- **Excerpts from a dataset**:
____________
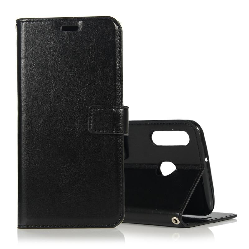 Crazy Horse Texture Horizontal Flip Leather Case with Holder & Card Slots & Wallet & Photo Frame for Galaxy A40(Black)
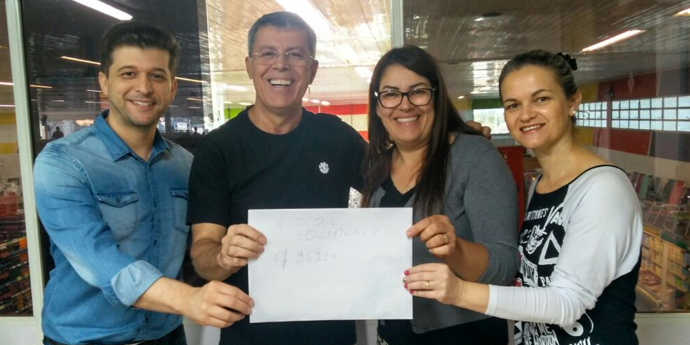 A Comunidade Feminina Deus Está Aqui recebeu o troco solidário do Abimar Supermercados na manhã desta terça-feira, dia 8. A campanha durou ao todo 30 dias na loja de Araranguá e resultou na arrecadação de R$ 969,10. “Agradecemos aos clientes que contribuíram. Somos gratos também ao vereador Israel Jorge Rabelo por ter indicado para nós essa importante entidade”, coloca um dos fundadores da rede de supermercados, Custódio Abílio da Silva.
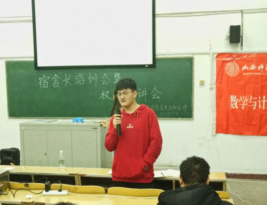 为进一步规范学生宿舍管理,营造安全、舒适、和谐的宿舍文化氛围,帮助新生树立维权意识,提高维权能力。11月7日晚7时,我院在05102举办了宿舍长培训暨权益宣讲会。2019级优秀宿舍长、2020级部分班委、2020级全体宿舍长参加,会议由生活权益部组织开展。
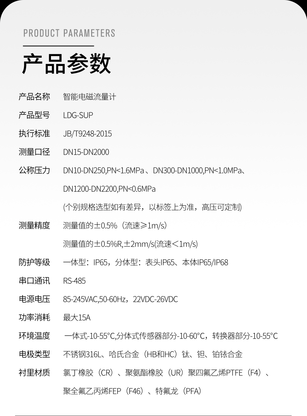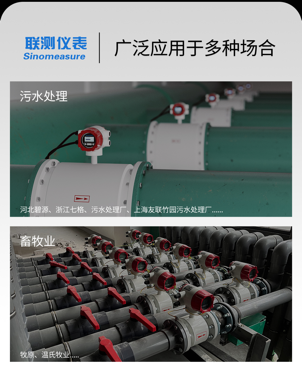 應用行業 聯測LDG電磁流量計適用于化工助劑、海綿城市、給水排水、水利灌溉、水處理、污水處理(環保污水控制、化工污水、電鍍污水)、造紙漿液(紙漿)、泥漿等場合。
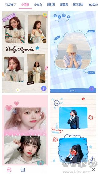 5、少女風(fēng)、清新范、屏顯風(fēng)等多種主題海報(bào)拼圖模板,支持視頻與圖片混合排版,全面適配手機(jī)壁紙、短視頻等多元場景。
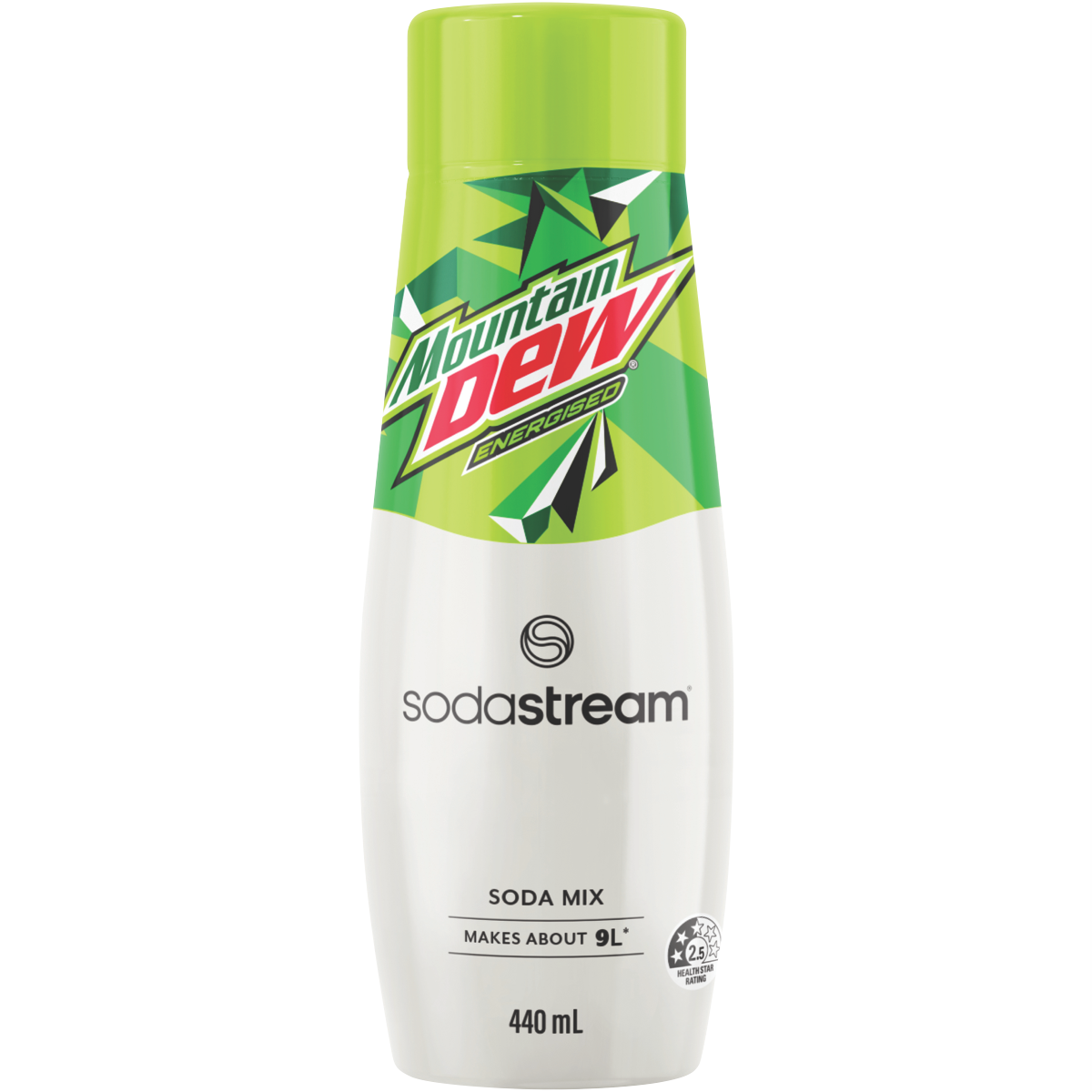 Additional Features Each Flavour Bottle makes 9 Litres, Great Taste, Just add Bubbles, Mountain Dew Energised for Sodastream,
____________
- **PROBLEM STATEMENT**: Output nothing but the entries above, exactly, once the pictures are removed.

- **ANSWER TO THE EXERCISE**:
 Crazy Horse Texture Horizontal Flip Leather Case with Holder & Card Slots & Wallet & Photo Frame for Galaxy A40(Black)
 A Comunidade Feminina Deus Está Aqui recebeu o troco solidário do Abimar Supermercados na manhã desta terça-feira, dia 8. A campanha durou ao todo 30 dias na loja de Araranguá e resultou na arrecadação de R$ 969,10. “Agradecemos aos clientes que contribuíram. Somos gratos também ao vereador Israel Jorge Rabelo por ter indicado para nós essa importante entidade”, coloca um dos fundadores da rede de supermercados, Custódio Abílio da Silva.
 为进一步规范学生宿舍管理,营造安全、舒适、和谐的宿舍文化氛围,帮助新生树立维权意识,提高维权能力。11月7日晚7时,我院在05102举办了宿舍长培训暨权益宣讲会。2019级优秀宿舍长、2020级部分班委、2020级全体宿舍长参加,会议由生活权益部组织开展。
 應用行業 聯測LDG電磁流量計適用于化工助劑、海綿城市、給水排水、水利灌溉、水處理、污水處理(環保污水控制、化工污水、電鍍污水)、造紙漿液(紙漿)、泥漿等場合。
 5、少女風(fēng)、清新范、屏顯風(fēng)等多種主題海報(bào)拼圖模板,支持視頻與圖片混合排版,全面適配手機(jī)壁紙、短視頻等多元場景。
 Additional Features Each Flavour Bottle makes 9 Litres, Great Taste, Just add Bubbles, Mountain Dew Energised for Sodastream,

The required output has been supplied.